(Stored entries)
*** Begin section ***

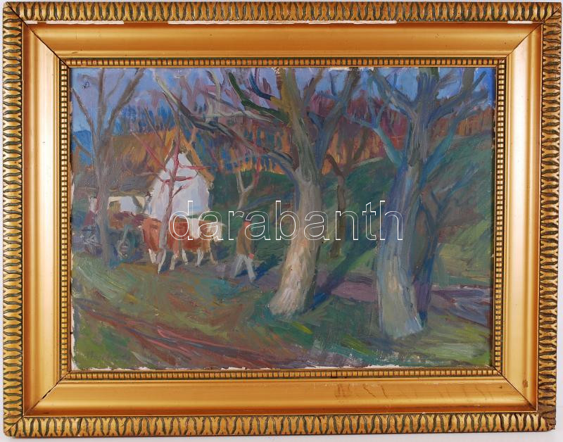 Thuróczy Zoltán (1935-): Falusi jelenet. Olaj, vászon, antik sérült keretben, 50×70 cm
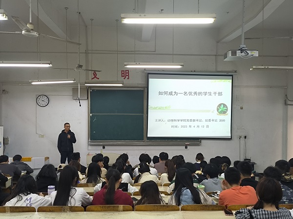 为提升学院学生干部素质,增强学生干部的工作能力。4月16日下午,动物科学学院在求知楼A107教室举行团校暨学生干部培训班第三讲《如何成为一名优秀的学生干部》。学院党委副书记、纪委书记汤帅担任此次主讲,学院团校培训班全体成员、各班级思政委员共同参加本次培训。
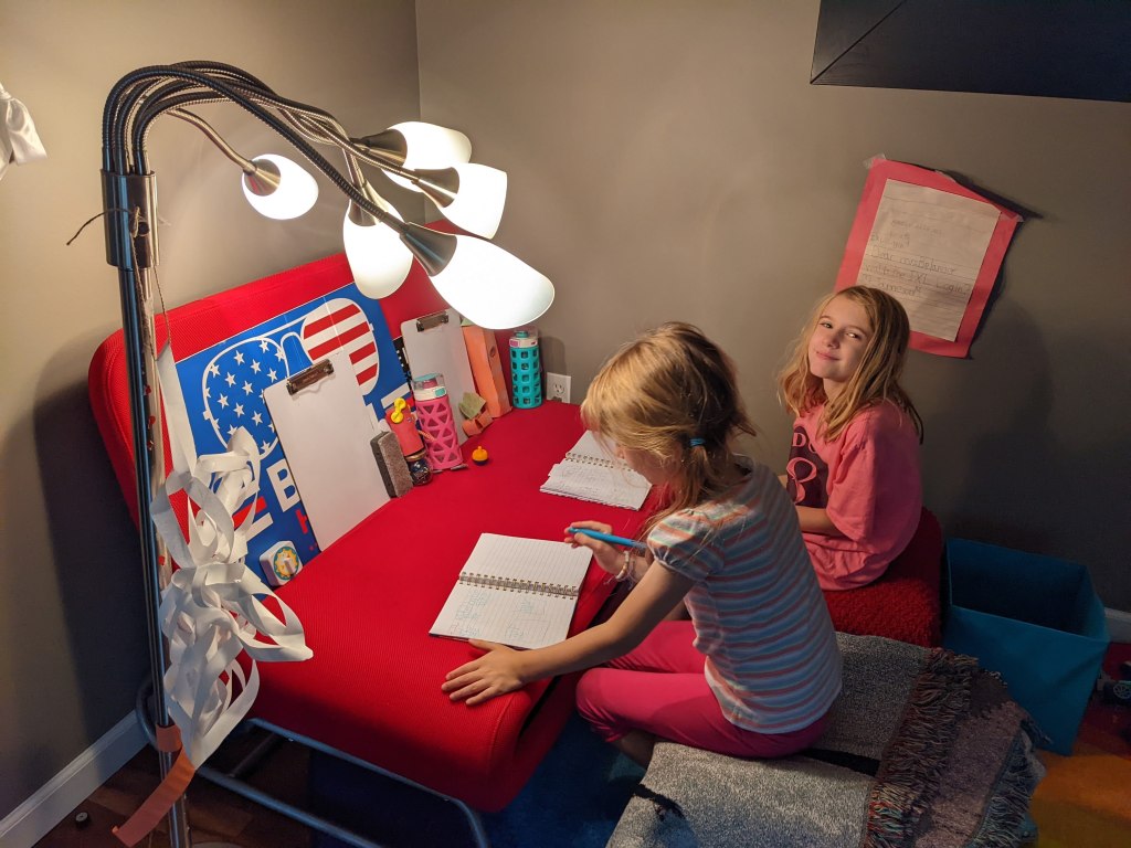 August 25, 2022: We are getting excited for school, but we’re also worried we’ll be out of practice. Jameson had a good idea to play school today. Maybe it will help us get back in the groove. Not sure it’s going to help unless the construction guys get a move on.
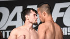 [OSEN=곽영래 기자] 'ROAD FC 049' 공식계체량이 17일 오후 서울 광진구 비스타 워커힐 서울에서 열렸다.중국 황젠유에와 태국 티라윳 카오랏이 신경전을 펼치고 있다. / youngrae@osen.co.kr
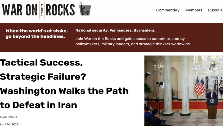 أكّـدت مِنصة (حرب على الصخور War on the Rocks) العسكرية الأمريكية في تحليل معمق أن الولايات المتحدة لم تتمكّن من تحقيق أهدافها الجوهرية في الحرب التي شنتها ضد إيران، معتبرة أن واشنطن تسير بخطى ثابتة نحو هزيمة استراتيجية محقّقة.
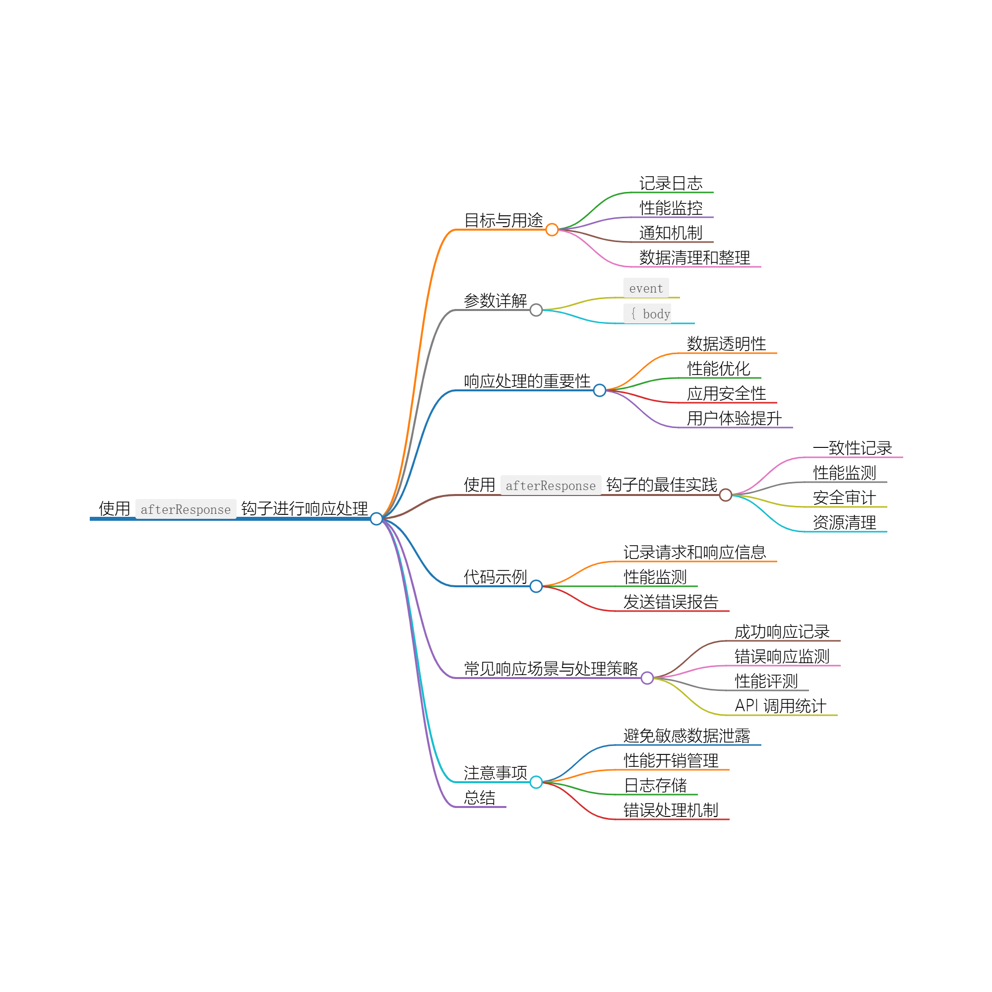 在 Web 应用程序中,响应的后续处理是提升用户体验,进行数据分析和监控的重要组成部分https://www.cnblogs.com/。Nuxt.js 提供的 afterResponse 钩子允许开发者在发送响应之后实施自定义操作,这一机制有助于进行任务如记录日志、监控性能等https://www.cnblogs.com/。
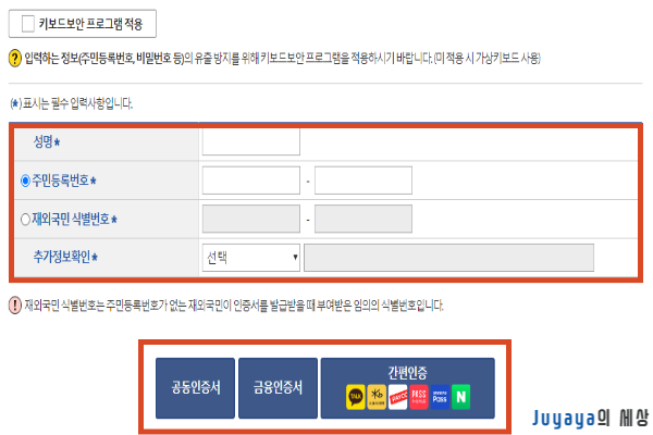 공동인증서와 금융인증서, 간편인증 등으로 진행할 수 있습니다.

*** End section ***

(Problem to work on) Reproduce the records above exactly, leaving out every picture they contain.

(Output below)
 Thuróczy Zoltán (1935-): Falusi jelenet. Olaj, vászon, antik sérült keretben, 50×70 cm
 为提升学院学生干部素质,增强学生干部的工作能力。4月16日下午,动物科学学院在求知楼A107教室举行团校暨学生干部培训班第三讲《如何成为一名优秀的学生干部》。学院党委副书记、纪委书记汤帅担任此次主讲,学院团校培训班全体成员、各班级思政委员共同参加本次培训。
 August 25, 2022: We are getting excited for school, but we’re also worried we’ll be out of practice. Jameson had a good idea to play school today. Maybe it will help us get back in the groove. Not sure it’s going to help unless the construction guys get a move on.
 [OSEN=곽영래 기자] 'ROAD FC 049' 공식계체량이 17일 오후 서울 광진구 비스타 워커힐 서울에서 열렸다.중국 황젠유에와 태국 티라윳 카오랏이 신경전을 펼치고 있다. / youngrae@osen.co.kr
 أكّـدت مِنصة (حرب على الصخور War on the Rocks) العسكرية الأمريكية في تحليل معمق أن الولايات المتحدة لم تتمكّن من تحقيق أهدافها الجوهرية في الحرب التي شنتها ضد إيران، معتبرة أن واشنطن تسير بخطى ثابتة نحو هزيمة استراتيجية محقّقة.
 在 Web 应用程序中,响应的后续处理是提升用户体验,进行数据分析和监控的重要组成部分https://www.cnblogs.com/。Nuxt.js 提供的 afterResponse 钩子允许开发者在发送响应之后实施自定义操作,这一机制有助于进行任务如记录日志、监控性能等https://www.cnblogs.com/。
 공동인증서와 금융인증서, 간편인증 등으로 진행할 수 있습니다.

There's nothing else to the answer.